Perl regexes currently don't provide a reasonable way to extract or modify a complete parse tree from a recursive regex match. In other words, because the independent subpatterns in your
(?(DEFINE)...) block don't keep the substrings they capture, it's extremely difficult to extract that hierarchical information and convert it to something else using substitutions involving vanilla recursive regexes. Basically, all you can do is match the regex and extract the entire match as a single string...or at best, extract just the top-level components.
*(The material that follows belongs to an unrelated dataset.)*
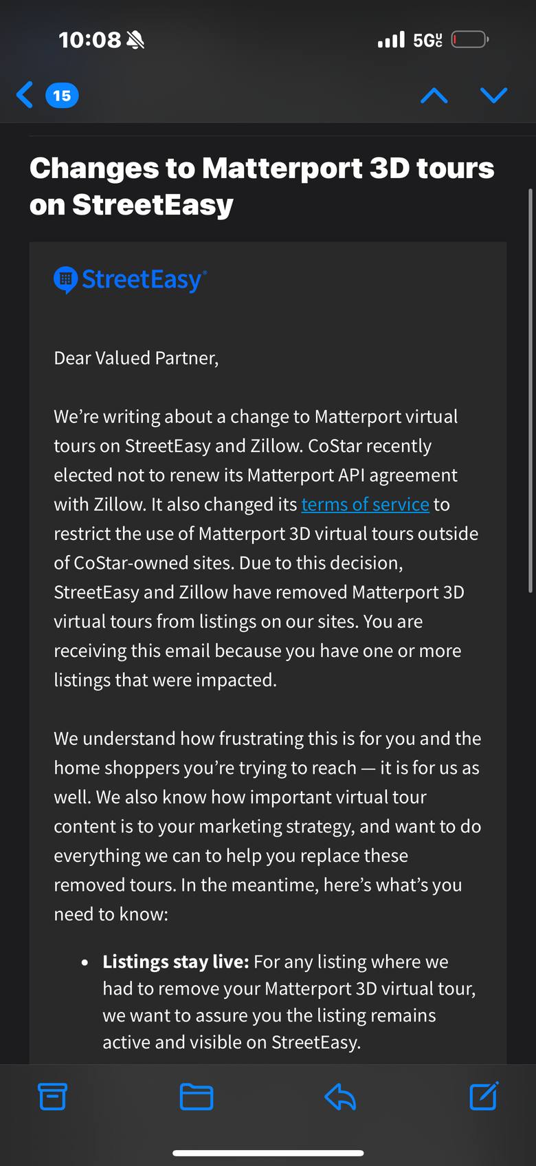 An email just came in from Matterport: Dear Valued Customer, We are writing to correct the intentional misrepresentations that you may have heard Zillow spreading regarding Matterport Spaces. Most importantly, as a Matterport customer, you can continue to share your Matterport Spaces anywhere, including Zillow. Neither Matterport’s nor CoStar Group’s media licensing terms have changed. If Zillow is removing Matterport Spaces from its website, that is a decision Zillow made unilaterally to the detriment of their customers. We recommend reaching out to Zillow directly. While media created by CoStar Group explicitly for use on our platforms is proprietary, Matterport customers can share their Spaces anywhere. We understand that Zillow has made reference to a terminated API agreement between Matterport and Zillow. That is a complete red herring, and unrelated to Matterport’s customers’ ability to share Spaces. Zillow knows this but chose to spread a falsehood anyway. The truth is that Zillow is desperately trying to divert attention from the slew of lawsuits it is now facing, brought by a brokerage, consumers, the FTC, State Attorneys General, and CoStar Group. Zillow is now playing games to stir up customer confusion and distract from its mounting legal troubles. In addition to diverting leads and banning listings, this is yet another example of Zillow harming agents and consumers. We regret that Zillow’s actions have caused you any inconvenience, and we look forward to continuing to work with you. Sincerely, Matterport Leadership Team |

If you want to do something more sophisticated than that using regexes, you need the extra features provided by the Regexp::Grammars module. Have a look at the distribution's demo/ subdirectory for some examples of parsing and then manipulating arithmetic expressions (in particular: the various demo_calc*.pl files).
And, yes, it's unfortunate that Perl now has the equivalent of full grammar-based matching, without any facility for extracting useful information from such matches. I know that Damian Conway and Nicholas Clark were discussing that very limitation (and what might possibly be done about it in a future version of Perl) at YAPC::EU a few weeks ago, so maybe Perl will eventually get a native implementation of that missing feature as well.
But in the meantime, have a look at Regexp::Grammars (or Marpa or Parse::Yapp). Perl 5 regexes aren't (yet) full grammars and that seems to be what you want here. Any of those modules can give you that, and Regexp::Grammars can give it to you in (decidedly non-vanilla) regexes.